That would be a yes.


----------



## Yikes

Pcinspector1 said:


> Hey buddy, could you give me a little room here?



Yeah, how's this?


----------



## Pcinspector1

'Joey, have you ever been in a Turkish prison?"


----------



## mark handler

Yikes said:


> Yeah, how's this?


*That just wrong*


----------



## ADAguy

West Hollywood "meet and greet" (smiling)?


----------



## Yikes

FWIW, that dual urinal is still in use in at least 2 buildings that were originally built in the 1920s, and it is the only available urinal fixture in those restrooms.  I believe the fixture manufacturer was Crane.  The owner, who shall remain unidentified in this litigious society of ours, has plans to change them out as part of an upcoming building renovation for accessibility.


----------



## steveray

Don't cross the streams!


----------



## Yikes

LOL, it's hard to see in the photo, but there's a solid porcelain "partition" between the two sides of the fixture.  It stops a few inches short of the bottom of the urinal, creating a gap where the two sides can share the common drain in the middle.
I suppose you could aim downward at the bottom of the urinal and try to bounce some splatter onto your neighbor.
Anyway, when the owner gets rid of these things, my guess is that some neighborhood bar will try to salvage them as a novelty.


----------



## instantmessenger

instantmessenger said:


> Do these minimums for wall mounted toilets still apply if we are talking about ambulatory stalls? I have a row of 6 stalls with an ambulatory and handicap at the end. The handicap stall only needs to be 56" and the 4 regular sized ones too. Does the ambulatory stall need to still be 60" deep minimum?  All are toilets are wall mounted.





ADAguy said:


> Disagreed,
> 
> Instant doesn't get it. The 9" is for wheelchair stalls, not ambulatory.

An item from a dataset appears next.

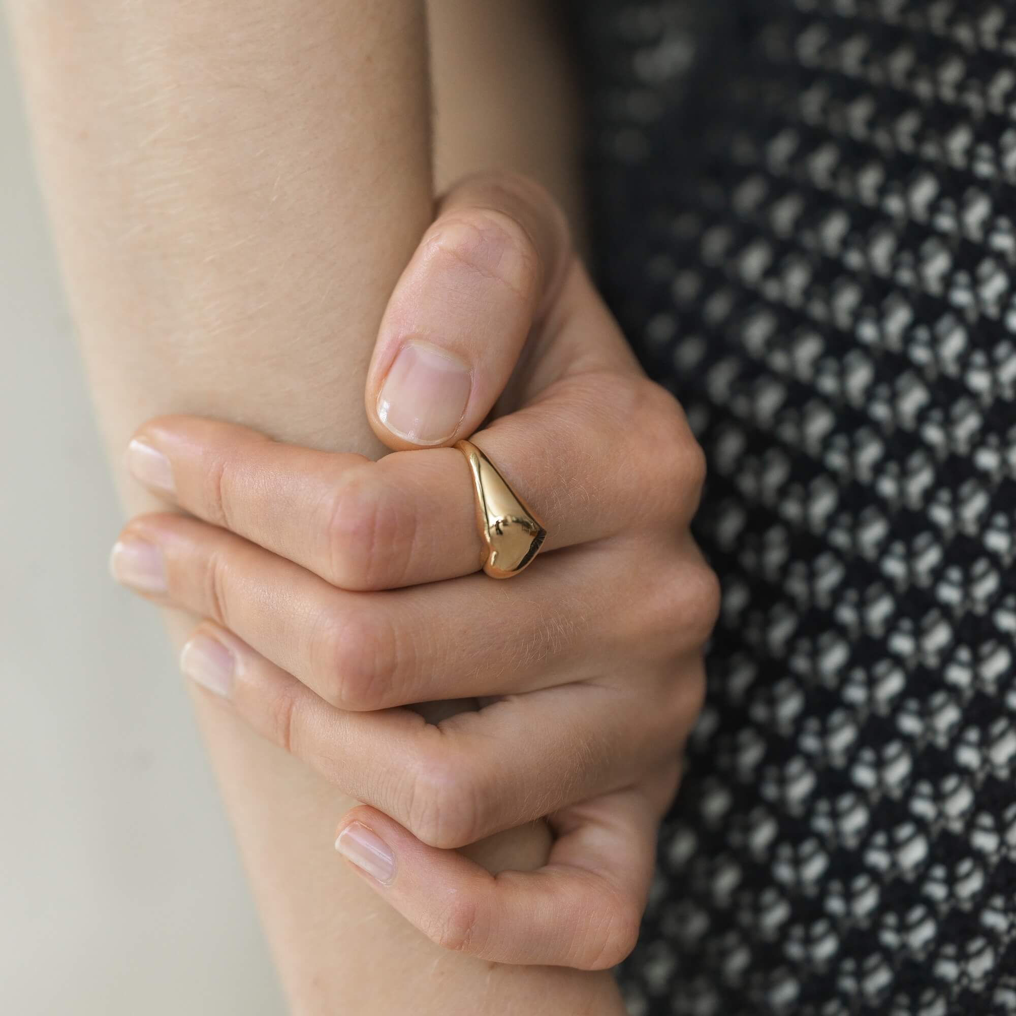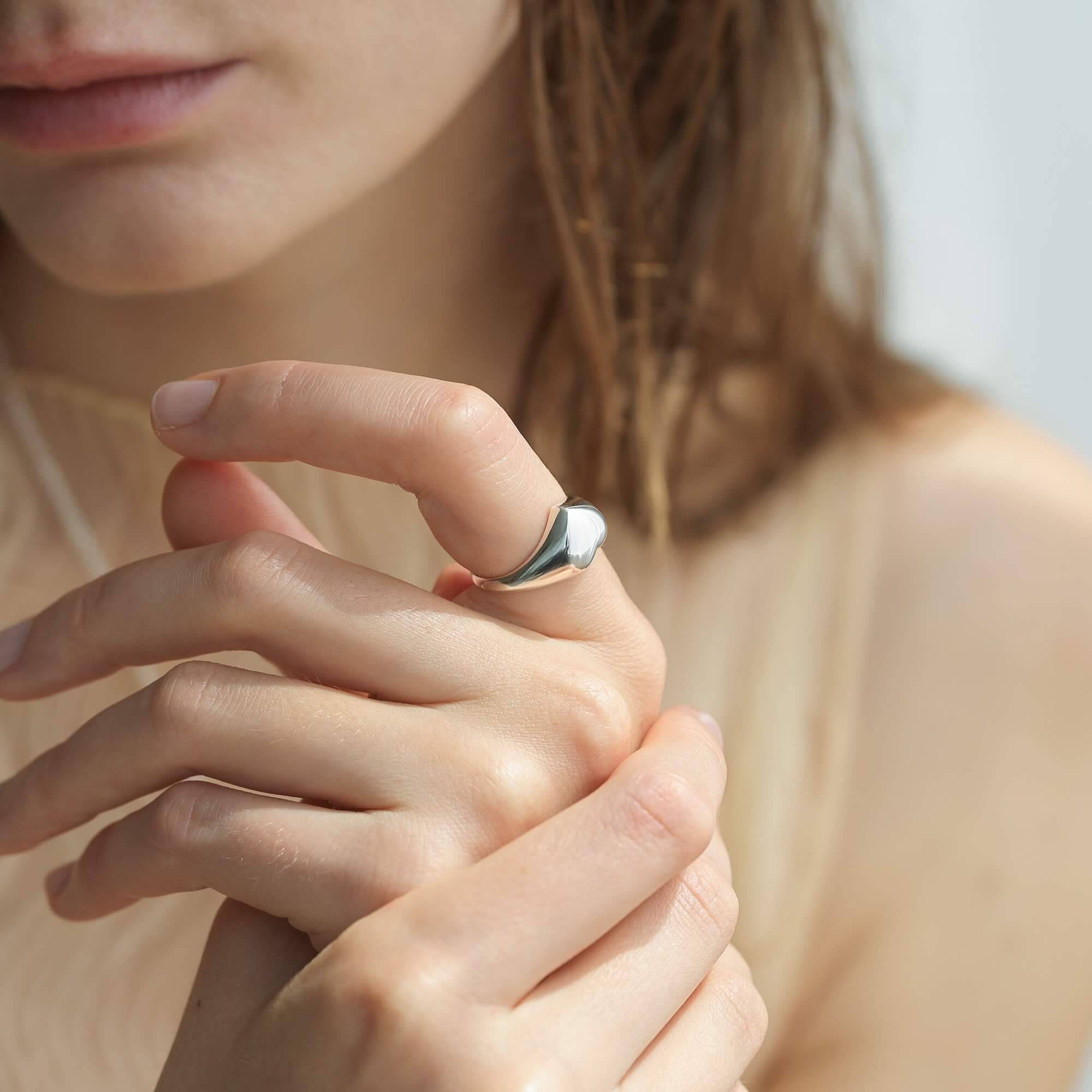 クラシカルなオープンハートのデザインを現代的な感性で再構築し、ミニマルな美しさを際立たせています。リングトップは約10mmと、程よい存在感があります。

I'm not sure what your point is. Are you saying that people who use ambulatory stalls or regular stalls don't have toes?


----------



## HForester

If you want to change the codes or the standards, step up and make proposals to suggest the changes. EVERYBODY seems to loves complaining about things in codes and standards but fail to realize that they themselves, can instigate changes simply by submitting proposals. The development processes (ANSI or ICCs) require that all proposals are addressed and considered. If you can't get it passed the first time around, try try again


----------



## Yikes

HForester said:


> If you can't get it passed the first time around, try try again


A couple of times I submitted what seemed to be a no-brainer change in the code, and nothing came of it.  Now, I just read *Table 721.1(3) footnote m* in every new edition for my own amusement:

m.  Double wood floor *shall be permitted* to be either of the following:
(a) Subfloor of 1-inch nominal boarding, *a layer of asbestos paper* weighing not less than 14 pounds per 100 square feet and a layer of 1-inch nominal tongue-and-groove finished flooring; or...​


----------



## ADAguy

"asbestos!" When was this written?


----------



## mark handler

ADAguy said:


> "asbestos!" When was this written?


I remember it back in the '70's


----------



## ADAguy

So no one has seen fit to recommend deletion of the word Asbestos.


----------



## mark handler

ADAguy said:


> So no one has seen fit to recommend deletion of the word Asbestos.


Obviously Yikes has


----------